------ PROVIDED INFORMATION

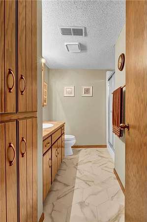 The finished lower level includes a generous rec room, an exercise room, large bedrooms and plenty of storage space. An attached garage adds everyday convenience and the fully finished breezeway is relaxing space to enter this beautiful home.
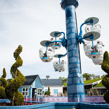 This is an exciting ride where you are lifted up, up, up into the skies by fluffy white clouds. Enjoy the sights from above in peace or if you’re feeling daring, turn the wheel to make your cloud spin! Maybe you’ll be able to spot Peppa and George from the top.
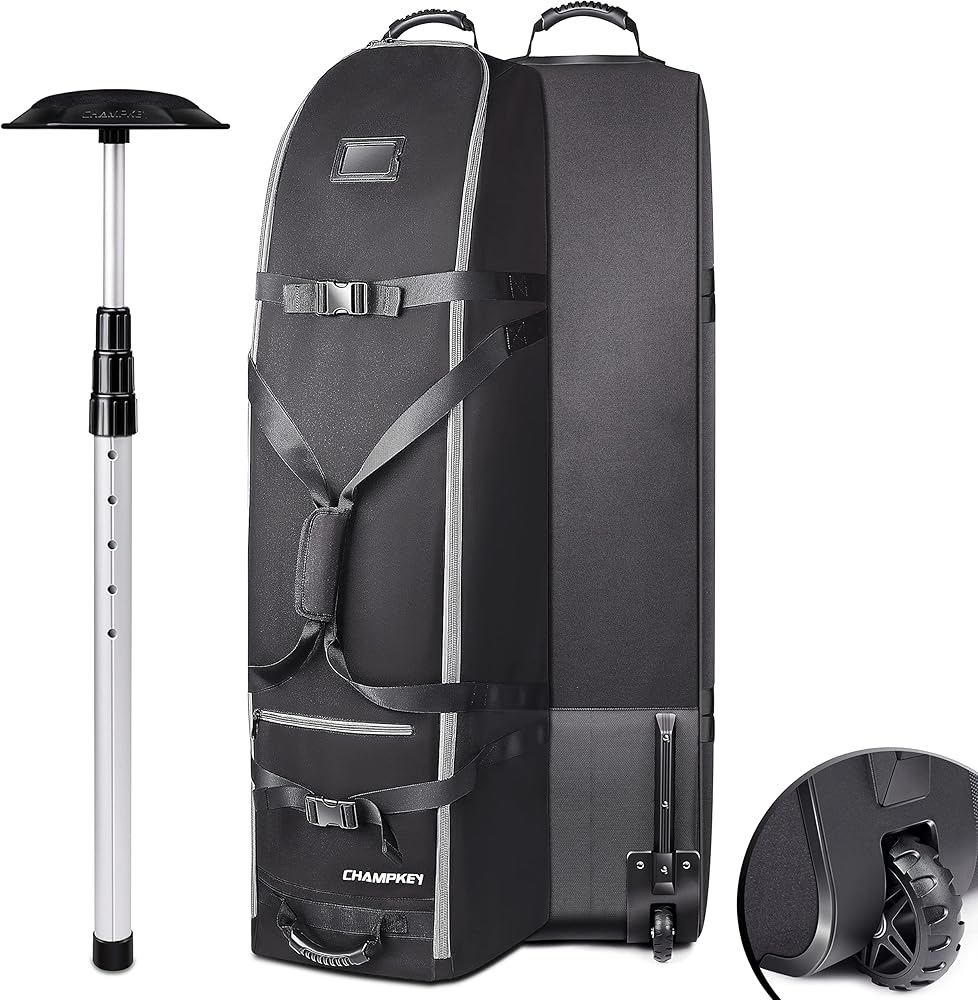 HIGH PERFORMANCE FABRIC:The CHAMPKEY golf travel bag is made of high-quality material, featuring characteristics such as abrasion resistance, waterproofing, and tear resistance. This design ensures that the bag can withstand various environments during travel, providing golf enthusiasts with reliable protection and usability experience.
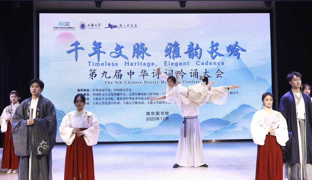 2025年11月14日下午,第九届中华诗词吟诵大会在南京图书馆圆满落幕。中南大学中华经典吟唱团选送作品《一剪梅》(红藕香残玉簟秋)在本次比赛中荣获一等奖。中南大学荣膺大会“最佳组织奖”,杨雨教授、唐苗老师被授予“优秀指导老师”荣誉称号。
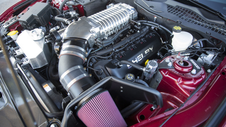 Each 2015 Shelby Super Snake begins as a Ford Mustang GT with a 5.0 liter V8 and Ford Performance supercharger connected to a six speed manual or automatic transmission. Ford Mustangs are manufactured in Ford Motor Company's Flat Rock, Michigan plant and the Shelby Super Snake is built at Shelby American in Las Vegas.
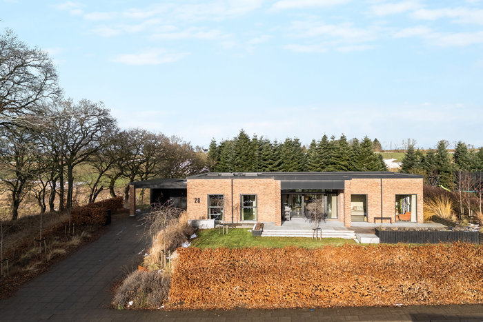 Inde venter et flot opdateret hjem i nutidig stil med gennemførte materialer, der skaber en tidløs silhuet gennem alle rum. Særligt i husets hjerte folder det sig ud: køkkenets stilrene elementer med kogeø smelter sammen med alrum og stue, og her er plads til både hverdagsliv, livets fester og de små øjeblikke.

------------

▶ _WHAT IS REQUIRED_
Where a record above holds a picture, drop the picture and print the rest exactly.

▶ _RESULT BELOW_
 The finished lower level includes a generous rec room, an exercise room, large bedrooms and plenty of storage space. An attached garage adds everyday convenience and the fully finished breezeway is relaxing space to enter this beautiful home.
 This is an exciting ride where you are lifted up, up, up into the skies by fluffy white clouds. Enjoy the sights from above in peace or if you’re feeling daring, turn the wheel to make your cloud spin! Maybe you’ll be able to spot Peppa and George from the top.
 HIGH PERFORMANCE FABRIC:The CHAMPKEY golf travel bag is made of high-quality material, featuring characteristics such as abrasion resistance, waterproofing, and tear resistance. This design ensures that the bag can withstand various environments during travel, providing golf enthusiasts with reliable protection and usability experience.
 2025年11月14日下午,第九届中华诗词吟诵大会在南京图书馆圆满落幕。中南大学中华经典吟唱团选送作品《一剪梅》(红藕香残玉簟秋)在本次比赛中荣获一等奖。中南大学荣膺大会“最佳组织奖”,杨雨教授、唐苗老师被授予“优秀指导老师”荣誉称号。
 Each 2015 Shelby Super Snake begins as a Ford Mustang GT with a 5.0 liter V8 and Ford Performance supercharger connected to a six speed manual or automatic transmission. Ford Mustangs are manufactured in Ford Motor Company's Flat Rock, Michigan plant and the Shelby Super Snake is built at Shelby American in Las Vegas.
 Inde venter et flot opdateret hjem i nutidig stil med gennemførte materialer, der skaber en tidløs silhuet gennem alle rum. Særligt i husets hjerte folder det sig ud: køkkenets stilrene elementer med kogeø smelter sammen med alrum og stue, og her er plads til både hverdagsliv, livets fester og de små øjeblikke.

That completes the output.